Samples with pathological information were counted, including 66 cases in normal group and 50 cases in cervical cancer group. All listed in the Table 4 are misspelled variations. There were 9 variations in the normal group and 11 variations in the cancer group. The variation of two sites showed that there was significant difference between the case group and the control group (P < 0.05). They are A978G(P = 0.047) and G1473A(P < 0.001), The amino acid changes were I326M and M491I, respectively. The E1 protein is a viral replication protein conserved in papillomaviruses, and plays roles in inducing the DNA damage response and disturbing the normal cell cycle, depending on its DNA binding and ATPase/helicase domains [20]. The difference between the case group and the control group can further explain that the variations at these two sites may promote the expression of replication protein E1, thus reducing the host cell defense capacity, and finally leading to the occurrence and development of cervical cancer.

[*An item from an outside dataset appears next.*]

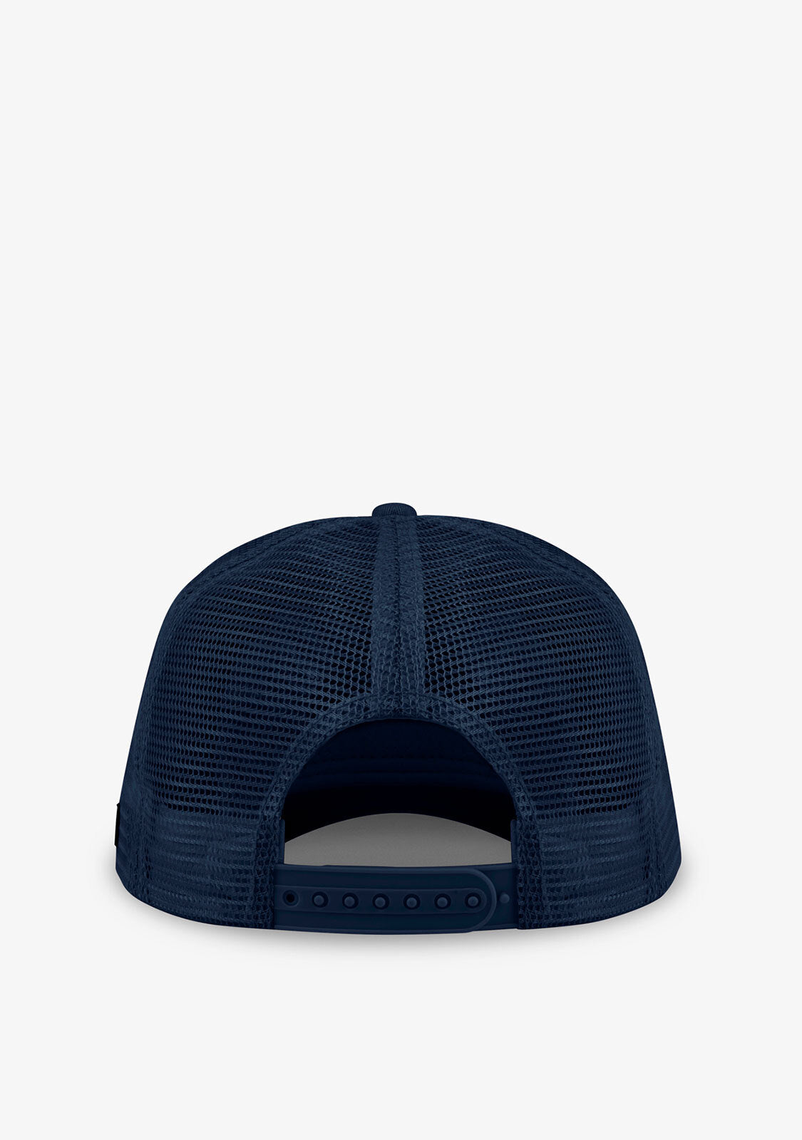 Mont Baker Cap, a baseball trucker cap, with embroidered patch on the front and breathable grille on the back. An urban style of outdoor inspiration, classic curved visor and dome in navy. A call to the classics, adapted to current trends.

Genetic variation of genomic HPV16 E2 in case and control groups

Table 5 shows the HPV16 E2 gene variation in normal group and cervical cancer group. All listed in the Table 5 are missense variations. There were 13 variations in the normal group and 16 variations in the cancer group. The variation of some sites showed that there was significant difference between the case group and the control group (P < 0.05). HPV16 E2 variations located at site G1964A (P = 0.017), C2295A (P = 0.009) and G2385A (P = 0.004) in the transactivation domain, The amino acid changes were D25N, T135K and R165Q, respectively. The sites T2520C (P = 0.002), C2546T (P < 0.001) and G2585A (P = 0.009) in hinge region, with corresponding amino acid changes of I210T, P219S and E232K, respectively. The sites C2820A (P = 0.002), C2873T (P = 0.044) and C2923A (P = 0.001) in DNA binding domain, the amino acid changes were T310K, H328Y and D344E. Since the E1 protein binds to the trans-activation domain of the E2 protein and co-localizes at the start site of transcription, it co-regulates viral transcription [21, 22], The variation of hinge region and DNA binding domain will affect the binding of E2 protein to LCR and inhibit the expression of E6 and E7 protein [23].

Some nucleotide variations in HPV16 affect amino acid changes and may also affect protein expression, thus, affecting the development of cervical cancer. Most studies on HPV nucleotide polymorphism have focused on E6 and E7, and variation of E6 and E7 can affect the occurrence and development of cervical cancer [7]. Variations that destroy the ORF(open reading frame) of HPV16 E1 or E2 lead to a further increase in the immortalization potential of human keratinocytes [16]. There is a 63-base insertion sequence between nt510 and 511 of HPV16 E1, and this mutant is associated with viral oncogenic activity and viral integration [24]. Variation of T310K in the HPV16 E2 DNA binding domain may alter cellular transcription factors, where the E2 protein interacts with LCR, resulting in enhanced expression of E6 and E7 proteins [25]. E232K is a linked variation in the E2 hinge region of HPV 16 AS that enhances dose-dependent inhibition of LCR (Long control region) activity and may affect the potential of the virus to cause cancer [26].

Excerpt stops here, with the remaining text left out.